Dense vector representations of data (text, images, etc.) that capture semantic meaning in a continuous numerical space.

Also known as: Vector embeddings, Dense embeddings, Neural embeddings

Definition

Embeddings are dense, continuous vector representations of discrete data (words, sentences, images, etc.) in a high-dimensional space. Unlike sparse representations like one-hot encoding, embeddings compress information into fixed-size vectors where similar items are located close together in the embedding space. This enables mathematical operations on semantic concepts.

Why it matters

Embeddings are foundational to modern AI systems:

  • Semantic similarity — similar meanings map to nearby vectors, enabling similarity search
  • Transfer learning — pre-trained embeddings capture general knowledge usable across tasks
  • Dimensionality reduction — millions of possible words compress into hundreds of dimensions
  • Mathematical operations — vector arithmetic reveals semantic relationships (king - man + woman ≈ queen)

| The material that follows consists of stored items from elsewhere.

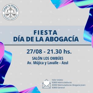 Fiesta Día de la AbogacíaEl próximo sábado 27/08 desde las 21.30hs, te esperamos con DJ, banda en vivo, un variado menú informal, barra libre toda la noche y sorteos para disfrutar juntos este tradicional encuentro. Además agasajaremos a quienes cumplen 25 y 50 años en ejercicio activo de la profesión. LEER MÁS |
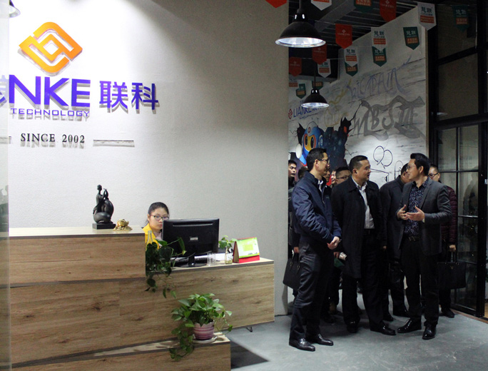 2015年12月30日下午,溫州市商務(wù)局(網(wǎng)絡(luò)經(jīng)濟(jì)局)局長(zhǎng)陳向東局長(zhǎng)及同行區(qū)委領(lǐng)導(dǎo)蒞臨我公司——溫州市聯(lián)科科技有限公司參觀交流。公司董事長(zhǎng)鄭祥富向來賓簡(jiǎn)要介紹了公司的發(fā)展歷程、研發(fā)規(guī)模和人員配置等概況。
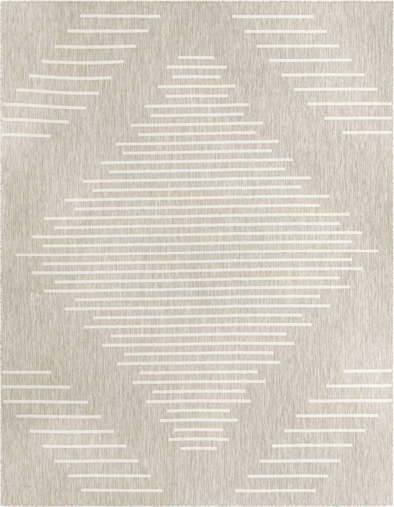 The Outdoor Modern Collection presents a versatile 11 Ft Square rug meticulously machine-woven of 100% polypropylene. This rug showcases a harmonious blend of gray and ivory hues with the gray providing a neutral background. Its flatweave construction lends a smooth texture that is both durable and comfortable underfoot, ensuring longevity and ease of movement. This piece features a minimalist geometric pattern that imbues it with a contemporary aesthetic suitable for a range of decors.
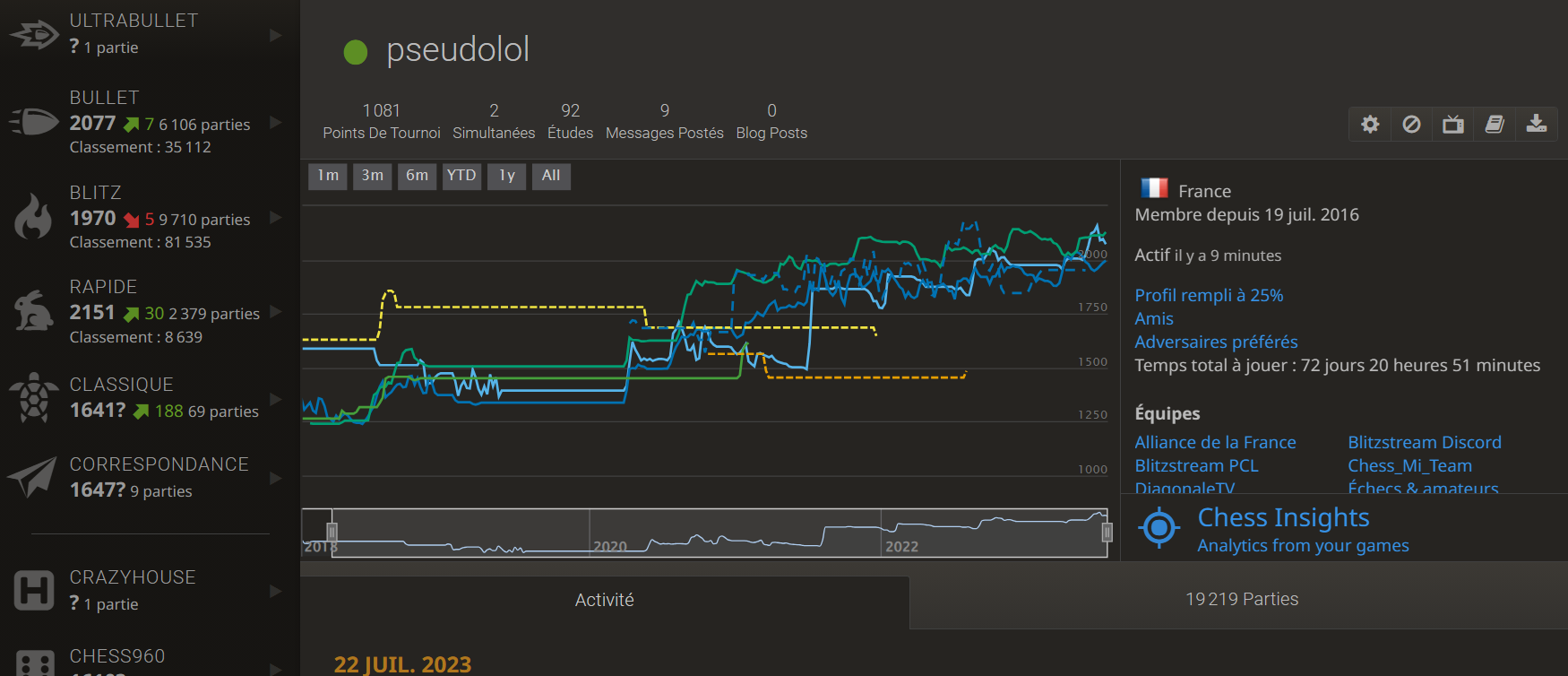 - 2150 elo rapides, 2180 bullet en max, 2080 en blitz

Every RAG system, search engine, and recommendation system relies on embeddings to understand content.

How it works

┌─────────────────────────────────────────────────────────┐
│                   EMBEDDING PROCESS                     │
├─────────────────────────────────────────────────────────┤
│                                                         │
│  Input Text ─────→ Tokenize ─────→ Model ─────→ Vector  │
│                                                         │
│  "tax law"   →   [123, 456]   →   Neural   →  [0.12,   │
│                                   Network      0.45,   │
│                                               -0.23,   │
│                                                ...]    │
│                                               (768-D)  │
│                                                         │
│  Semantic space:                                        │
│     "tax law" ●────────● "fiscal regulation"           │
│                    close                                │
│     "weather" ●                                        │
│               far                                       │
└─────────────────────────────────────────────────────────┘
  1. Tokenization — input text is split into tokens
  2. Model encoding — neural network processes tokens
  3. Pooling — token representations are combined (mean, CLS token, etc.)
  4. Output vector — fixed-size dense vector (e.g., 384, 768, or 1536 dimensions)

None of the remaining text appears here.